Lawrence Cities Initiative. "They're like the locusts of the river.” That's what makes them so
dangerous to the lakes. Asian carp aren't direct predators, but they eat plankton, which
knocks out the bottom layers of the food chain. If they were to successfully establish themselves
in the Great Lakes and start breeding, they could utterly disrupt the existing ecosystem, potentially starving
out the trout and other native fish that make the Great Lakes a tourism hot spot.And if their voracious
eating habits weren't enough, silver carp pose a direct threat to boaters. When startled, the fish
launch themselves out of the water, turning into 40-lb. (18 kg) projectiles that could easily
smash an unwary fisherman's nose. It's enough to turn a fishing trip into something worthy of
the X Games, which may be fine for the extreme-angling participants of the wild Redneck Fishing
Tournament in Illinois, where silver carp are the target and black eyes sustained from flying fish are a
badge of honor. But your average day-tripping sportsman on Lake Michigan might not appreciate an
airborne carp smacking him in the kisser. "They are living missiles, and that's not trivial," says
David Lodge, director of Notre Dame's Center for Aquatic Conservation.”
iii. Nutria

Professor Matthew Palmer (Ph.D in Ecology from Rutgers University Department of Ecology Columbia University)
Summer 2009 “The Nonnative Wildlife Invasion Prevention Act: The Science Behind H.R. 669” Columbia University (School
of International and Public Affairs)

“Nutria are semi-aquatic rodents with rat-like features (Nutria Workshop 2002). In 1899, they
were first intentionally introduced into North America from South America for their fur.
However, when nutria farming largely collapsed in the 1940s, some ranchers released their
nutria or failed to recapture those that escaped (Evans 1970). State and federal agencies and individuals also
transported nutria into many states for the purpose of controlling undesirable vegetation and enhancing trapping opportunities (Nutria
Workshop 2002). This proved to be a grave mistake because of certain nutria characteristics. Nutria occupy semi-aquatic habitats,
which includes swamps and marshes and along the shores of rivers and lakes. They feed on many terrestrial and aquatic green plants
Their feeding habits are extremely destructive to marsh
and occasionally consume grains (Whitaker 1988).
vegetation because their foraging activity destroys vegetative root mat. This so-called
“eat out” loosens a plant’s hold on the soil, which then becomes more vulnerable to
erosion. These “eatouts” can transform a productive wetland into a barren mud flat (Nutria
Workshop 2002). The destructive foraging habits of the nutria are compounded by their rapid
population expansion. Nutria reach sexual maturity at about four to six months of age and
reproduce throughout the year, typically having two to three litters annually (Brown 1975;
Willner et al. 1979). They also have an aggressive nature and will displace native animals
such as beavers and muskrats. Threatened by few predators (other than humans), nutria have
experienced a population boom in certain areas of the country. For example, in Dorchester County,
Maryland, the nutria population was estimated to have expanded on a 10,000 acre parcel of land from less than 150 in 1968 to 35,000
to 50,000 in 2002 (Nutria Workshop 2002).”

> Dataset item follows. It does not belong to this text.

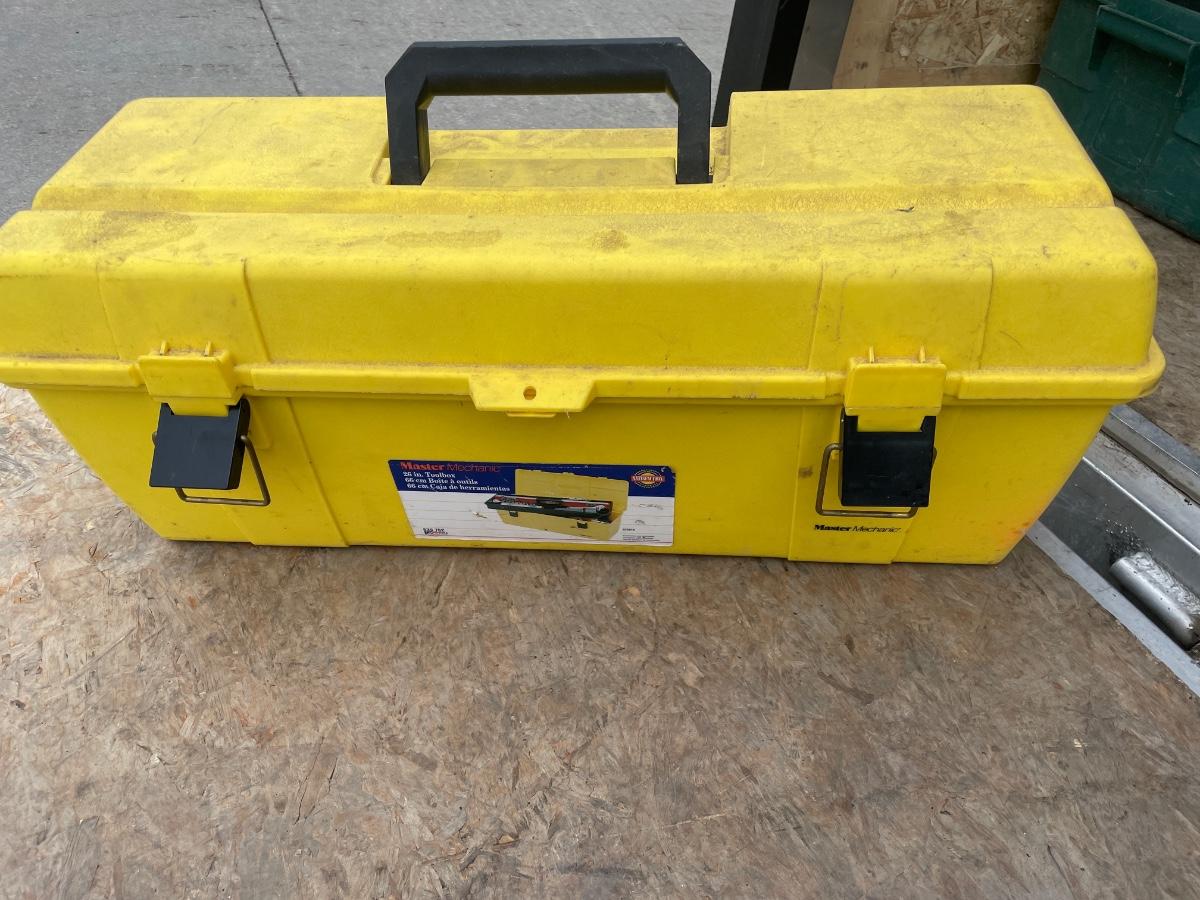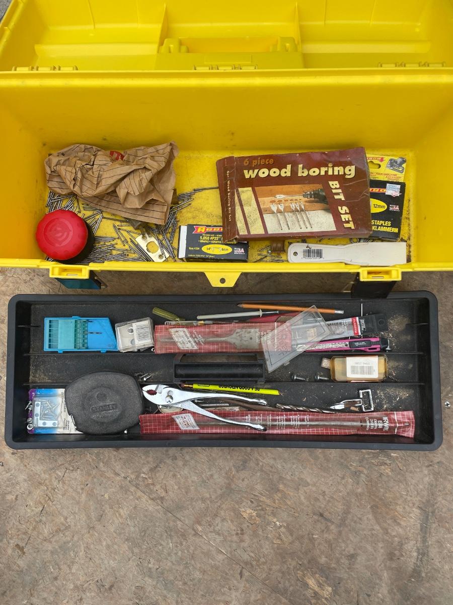 Yellow plastic tool box and tools
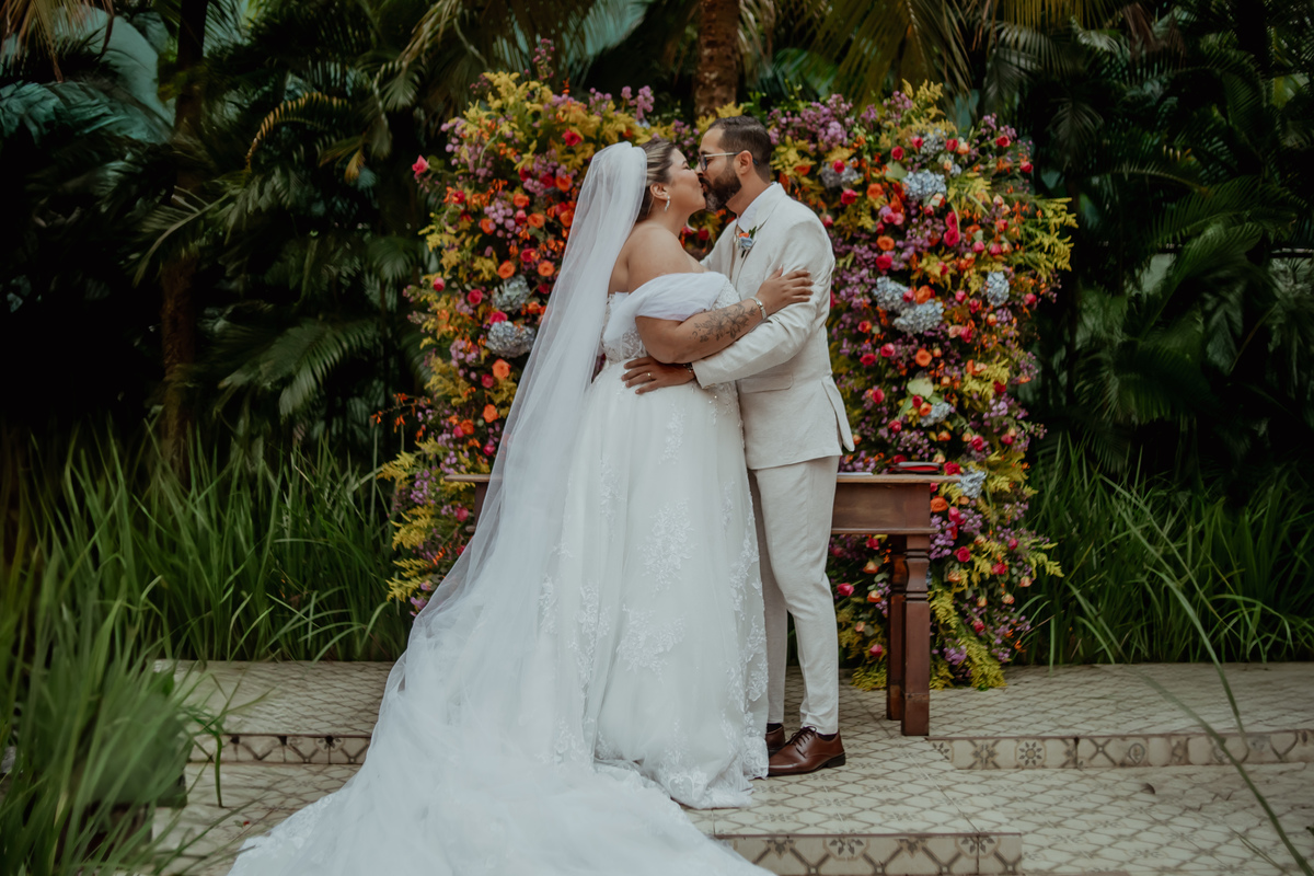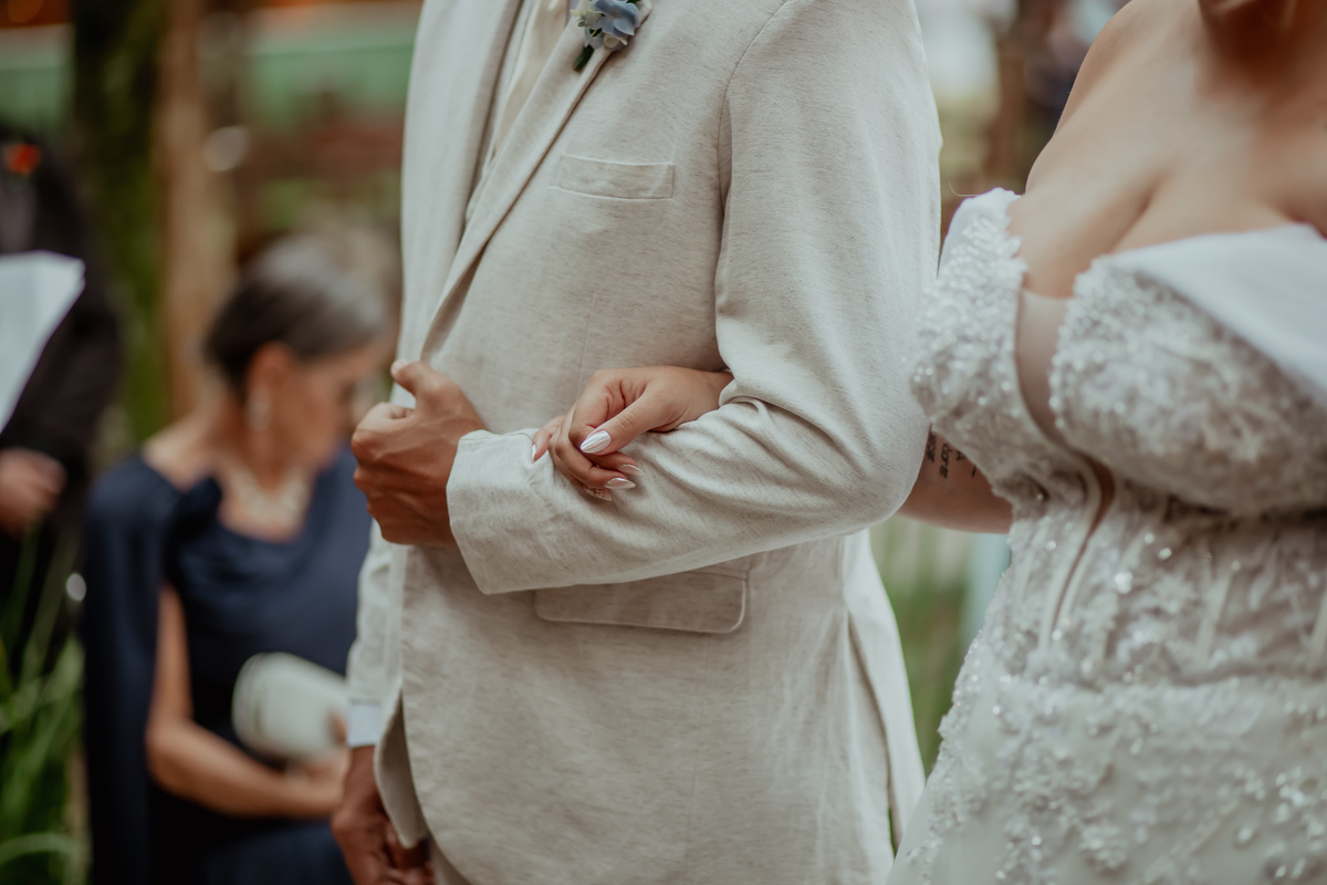 Cercados pelo verde e pela presença de pessoas queridas, os dois viveram uma cerimônia leve, cheia de emoção e sorrisos que apareciam o tempo todo. Cada detalhe refletia exatamente quem eles são: um casal que valoriza os encontros, a família e os momentos simples que se tornam inesquecíveis.

I hope all of these examples prove my point. The threat of invasive species is very real,
and it is because of our lack of action that this problem is continuing. This is not
nationalizing rhetoric, it is reality. In the end, the only reasonable solution to the invasive
species problem is the affirmative team’s case. That is why I urge you to vote for the
affirmative team at the end of today’s debate round.